Molecular alterations were interrogated by immunohistochemistry (n = 46), RNA sequencing (n = 29), interphase fluorescence in situ hybridization (n = 24), or PCR-based sequencing (n = 11). All tumors had alterations involving MYB (n = 44) or MYBL1 (n = 2). None had alterations in IDH1, IDH2, TP53, ATRX, or histone H3 genes. Two had a concomitant BRAF:p.V600E mutation (Suppl. Table). MYB and MYBL1 were fused with various gene partners (Fig. 1a). Two tumors with MYBL1 alterations were DAs. Molecular alterations did not show any clear association with clinical parameters.

Fig. 1
figure 1

a Proportions of AGs or DAs with specific MYB or MYBL1 gene fusion partners. b t-SNE analysis of genomic DNA methylome of MYB/MYBL1-altered diffuse gliomas. AGMYB-altered angiocentric glioma, Cb cerebellum, DAMYB-altered diffuse astrocytoma, DNET dysembryoplastic neuroepithelial tumor, G34RH3F3A G34R-mutant high-grade glioma, GG ganglioglioma, HYPO hypothalamus, IDH_A IDH-mutant astrocytoma, IDH_O IDH-mutant and 1p/19q-codeleted oligodendroglioma, K27M H3 K27M-mutant diffuse midline glioma, PA_CB cerebellar pilocytic astrocytoma, PA_Cx cortical pilocytic astrocytoma, PA_HT hypothalamic pilocytic astrocytoma, PXA pleomorphic xanthoastrocytoma, RGNT rosette-forming glioneuronal tumor, SEGA subependymal giant cell astrocytoma, WM cerebral white matter

Genomic DNA methylome profiling and t-distributed stochastic neighbor embedding (t-SNE) analysis were undertaken on 35 tumors, with 12 CNS tumor types and normal CNS tissues in a reference series (Fig. 1b). By t-SNE analysis, MYB/MYBL1-altered gliomas formed a single cluster, regardless of histopathologic diagnosis or anatomic location.

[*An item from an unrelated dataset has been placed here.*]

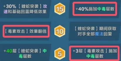 在天賦加點路徑方面,可選取右左右這種經典路線。當角色達到5級時,應果斷選取增加3層毒素攻擊以施加中毒層數的天賦;到10級時,再次選擇讓毒素攻擊效果翻倍的天賦,如此一來,毒龍的中毒傷害對敵方構成的威脅進一步提升。而到了至關重要的15級,大家能夠選擇增加40%施加中毒層數的天賦,這會讓毒龍的中毒能力在戰場上達到最強。不過,在實際戰斗中,依靠中毒來打出傷害需要一定時間進行積累。所以,全局的戰略核心在于怎樣巧妙提升自身的生存能力,以保證在中毒傷害逐步發揮作用的過程中,自己不會先被淘汰出局。

This result, alongside overlapping clinical, neuro-imaging, and histopathologic characteristics, supports the proposal that MYB/MYBL1-altered gliomas represent a single disease entity with a range of clinical and pathologic characteristics.

In summation, we have provided clinicopathologic, genetic, and epigenetic data on 46 MYB/MYBL1-altered gliomas. The data demonstrate significant overlap on these parameters, with implications for tumor classification.